◆ RECORDS ◆

········

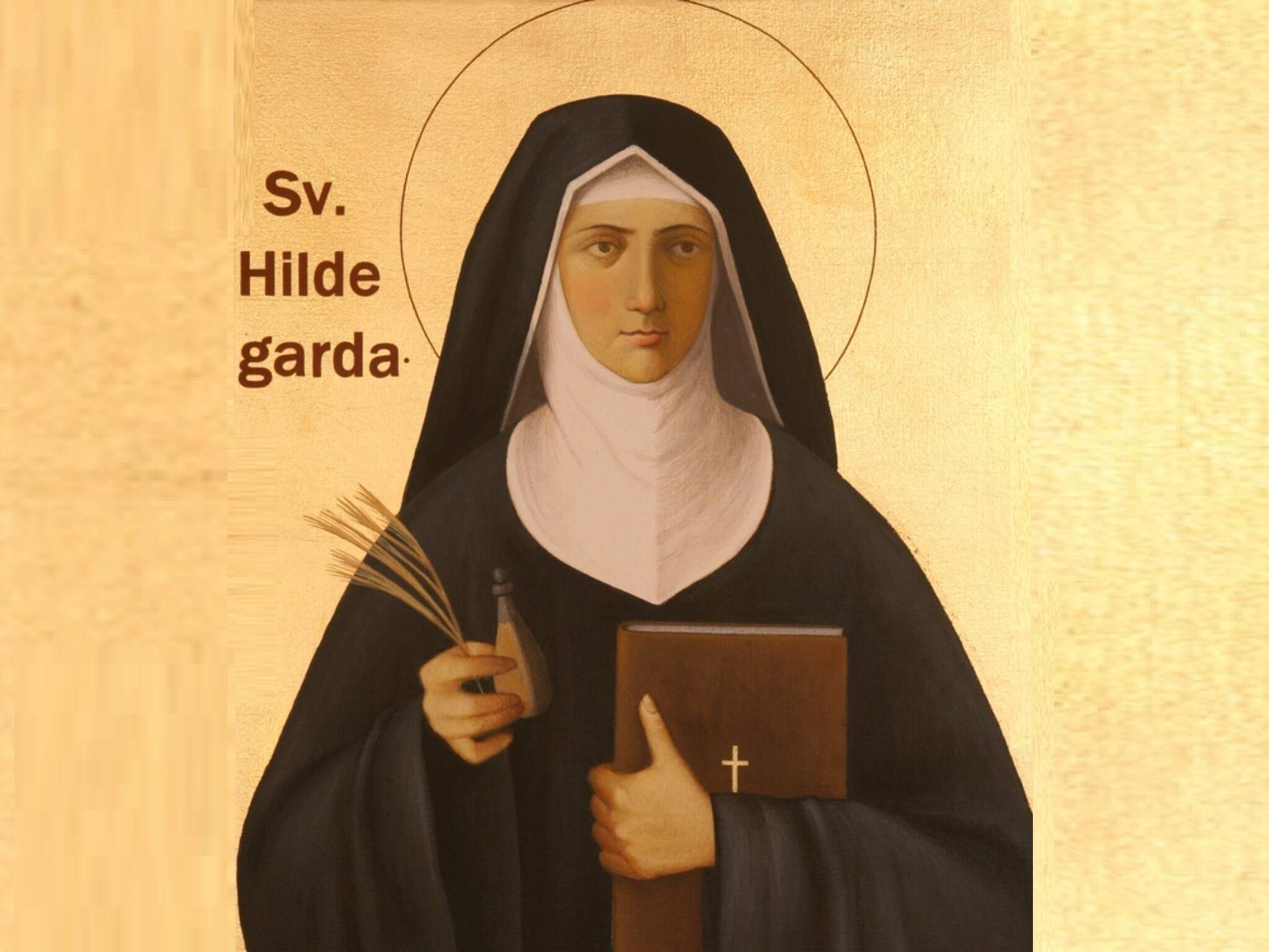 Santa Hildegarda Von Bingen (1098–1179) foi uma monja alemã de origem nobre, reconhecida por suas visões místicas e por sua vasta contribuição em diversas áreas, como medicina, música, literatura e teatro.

········

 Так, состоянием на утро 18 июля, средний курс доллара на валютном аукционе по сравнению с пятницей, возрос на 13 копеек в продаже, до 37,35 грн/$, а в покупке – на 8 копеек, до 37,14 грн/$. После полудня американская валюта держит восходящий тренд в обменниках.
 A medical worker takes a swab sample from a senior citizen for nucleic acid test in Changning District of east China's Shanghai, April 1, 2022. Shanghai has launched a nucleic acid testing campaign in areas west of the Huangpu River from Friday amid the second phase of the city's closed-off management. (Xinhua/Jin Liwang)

········

◆ WHAT YOU HAVE TO DO ◆
Transcribe the records above from the line holding "Так, состоянием на" down to the line holding "A medical worker", inclusive, without adding anything.

◆ THE COMPLETED TASK ◆
 Так, состоянием на утро 18 июля, средний курс доллара на валютном аукционе по сравнению с пятницей, возрос на 13 копеек в продаже, до 37,35 грн/$, а в покупке – на 8 копеек, до 37,14 грн/$. После полудня американская валюта держит восходящий тренд в обменниках.
 A medical worker takes a swab sample from a senior citizen for nucleic acid test in Changning District of east China's Shanghai, April 1, 2022. Shanghai has launched a nucleic acid testing campaign in areas west of the Huangpu River from Friday amid the second phase of the city's closed-off management. (Xinhua/Jin Liwang)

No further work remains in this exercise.